La somnolence diurne de la narcolepsie peut être traitée par un certain nombre de substances comme les amphétamines et le modafinil. La cataplexie est généralement traitée avec les antidépresseurs tricycliques et les inhibiteurs de recapture de la sérotonine. En revanche, le blocage de la noradrénaline et la stimulation des systèmes cholinergiques exacerbent la cataplexie. Ainsi la balance entre les systèmes noradrénergiques et cholinergiques est un facteur majeur dans le contrôle de la cataplexie (Nishino et Mignot, 1997).

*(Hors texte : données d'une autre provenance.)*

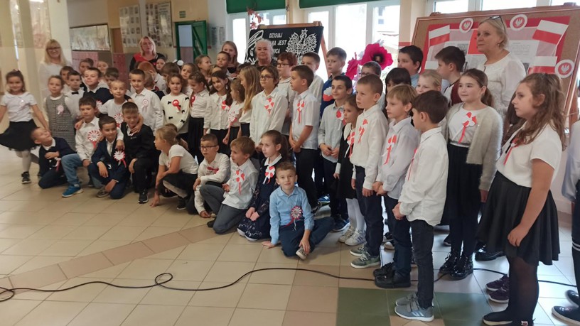 W przeddzień Narodowego Święta Niepodległości uczniowie klas I-III wzięli udział w ogólnopolskiej akcji, ogłaszanej każdego roku przez Ministerstwo Edukacji i Nauki, „Szkoła do hymnu”.
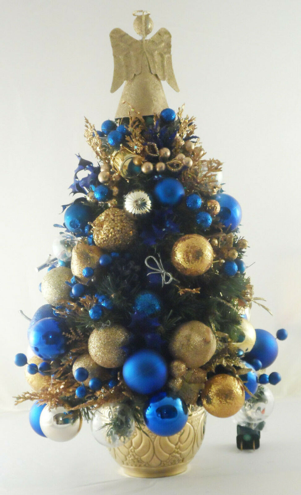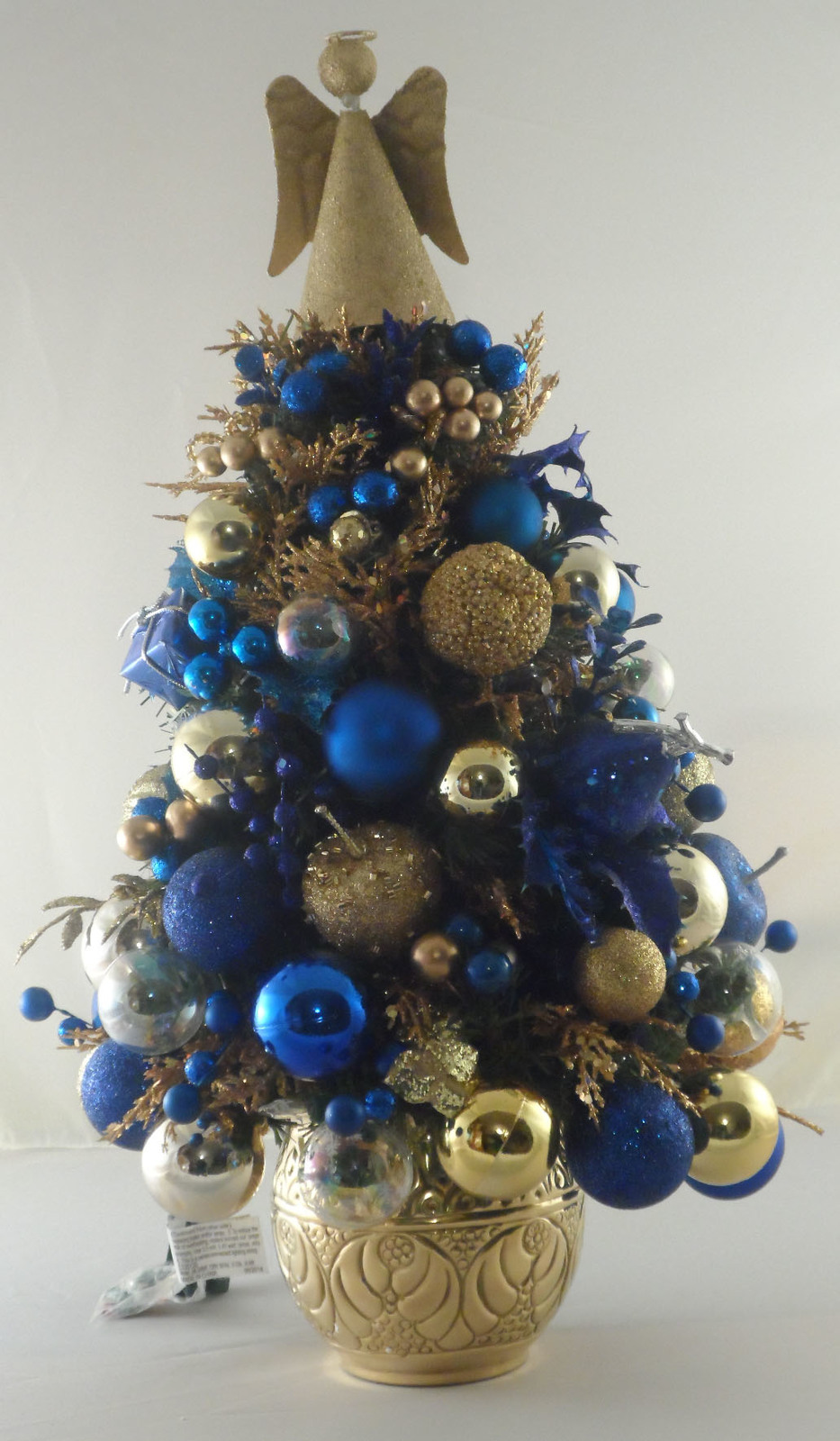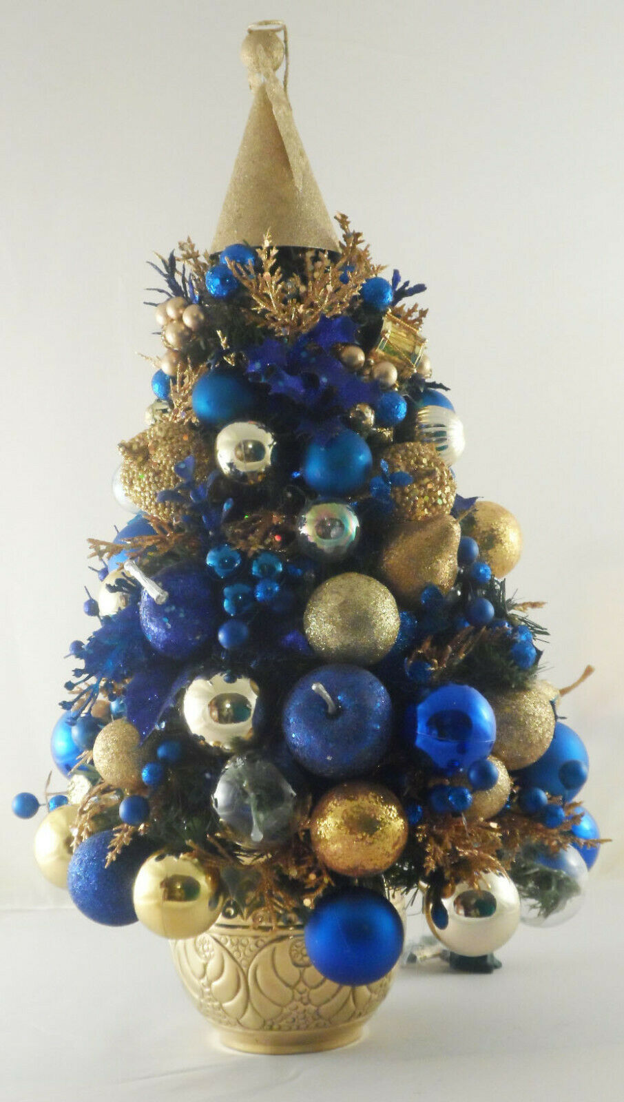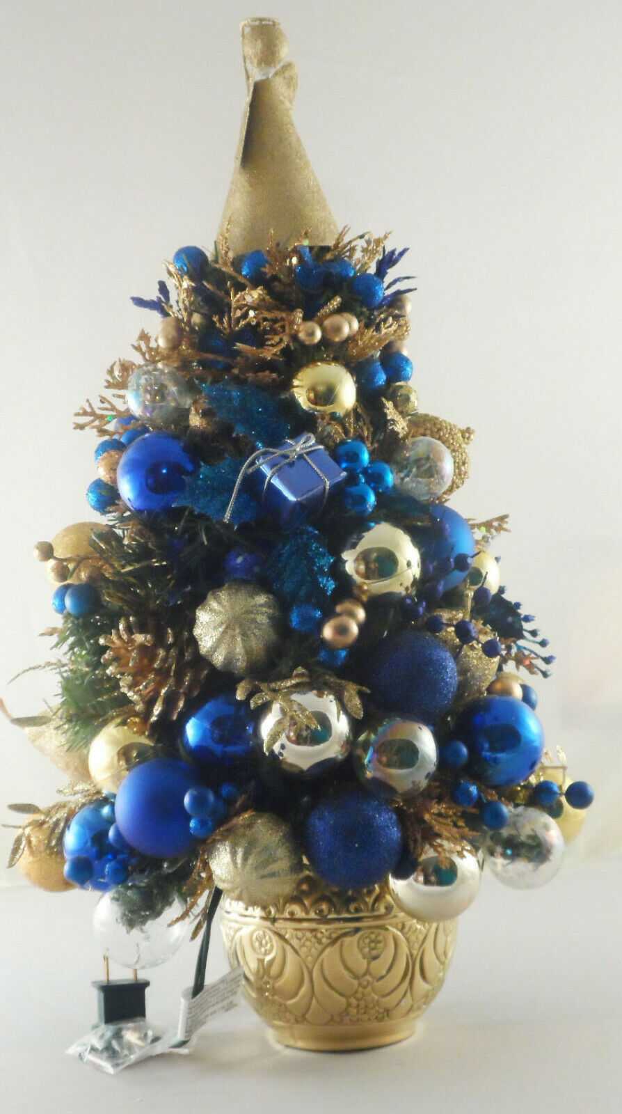 - Tabletop Royal Blue and Gold Lighted Decorated Mini Christmas Tree 18 inch

Chez les personnes normales, les muscles posturaux maintiennent un tonus de base pendant l'éveil et le sommeil lent. C'est seulement pendant le sommeil paradoxal que le tonus musculaire est complètement aboli. La similitude de l'atonie du sommeil paradoxal et de la cataplexie ont conduit à l'hypothèse que celle-ci était dû à l'activation pendant l'éveil des mécanismes qui normalement suppriment le tonus musculaire pendant le sommeil paradoxal. De nombreuses études indique que l'atonie du sommeil paradoxal serait du à l'activation dans le tronc cérébral d'un réseau neuronal dont le dernier maillon est composé de neurones utilisant un acide aminé inhibiteur, la glycine. La glycine serait secrété sur les motoneurones et induirait leur hyperpolarisation et donc une atonie musculaire quasi complète.

Que sont les orexines?

Les orexines A (hypocretin-1) et B (hypocretin-2) sont des peptides récemment découverts ( de Lecea et al., 1998; Sakurai et al., 1998) qui sont contenus exclusivement dans une population de neurones se localisant dans la région périfornicale de l'hypothalamus postérieur. Ces neurones ont des projections dans la quasi-totalité du cerveau. Ils projettent densément sur plusieurs populations neuronales impliquées dans le maintien de l'éveil comme les neurones sérotonergiques des noyaux du raphé, noradrénergiques du locus coeruleus et histaminergiques du noyau tubéromamillaire. Ils se projettent également diffusément sur le cortex et peuvent donc influencer directement l'activité corticale ( Peyron et al., 1998) Finalement, ils émettent des projections sur le système limbique. Cette projection pourrait jouer un rôle crucial dans la narcolepsie du fait de l'importance du système limbique dans l'émotion. Deux types de récepteurs aux orexines ont été identifiés. Le type 1 se trouve surtout dans le tronc cérébral et le type 2 dans la partie antérieure du cerveau.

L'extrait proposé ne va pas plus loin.